**Aim of the exercise**:
Each line below needs to be returned exactly. Skip any picture.

**Data section**:
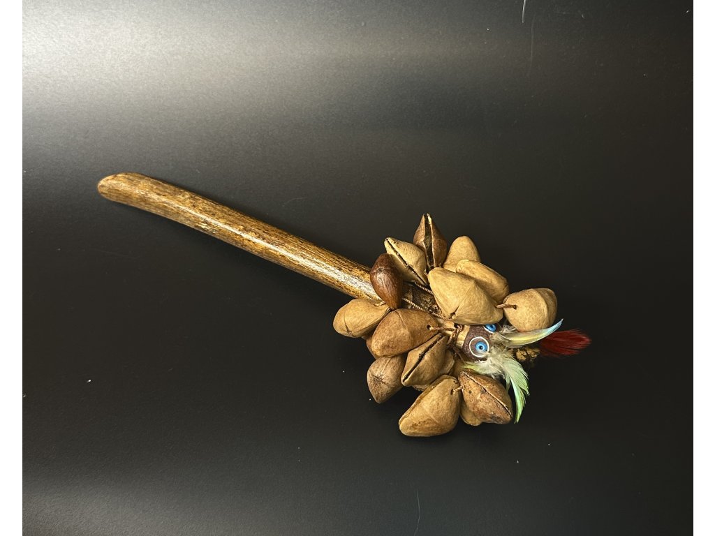 Chrastidlo s rolničkami vyrobenými ze semen Pangi ozdobené ptačími pery. Vyrobeno v Amazonii.
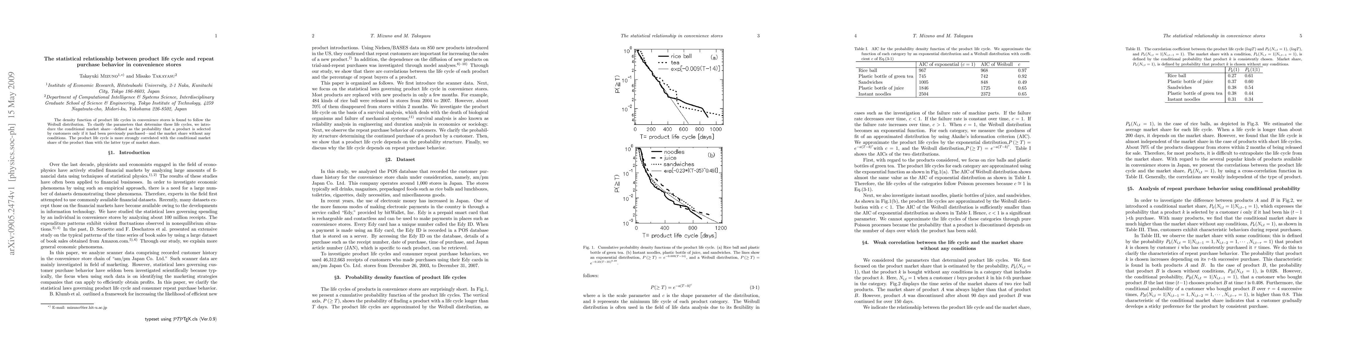 A study found that product life cycles in convenience stores follow a Weibull distribution, with conditional market share being more strongly correlated with repeat purchase behavior than overall market share.
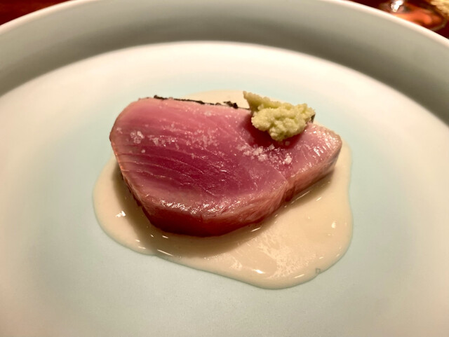 神経〆 めじ鮪の藁焼き お米と中国甘酒のヴィネグレットソース
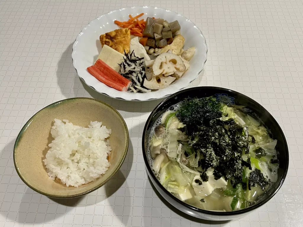 - きのこ、白菜、豆腐、海苔、あおさのお吸い物

**Reply**:
 Chrastidlo s rolničkami vyrobenými ze semen Pangi ozdobené ptačími pery. Vyrobeno v Amazonii.
 A study found that product life cycles in convenience stores follow a Weibull distribution, with conditional market share being more strongly correlated with repeat purchase behavior than overall market share.
 神経〆 めじ鮪の藁焼き お米と中国甘酒のヴィネグレットソース
 - きのこ、白菜、豆腐、海苔、あおさのお吸い物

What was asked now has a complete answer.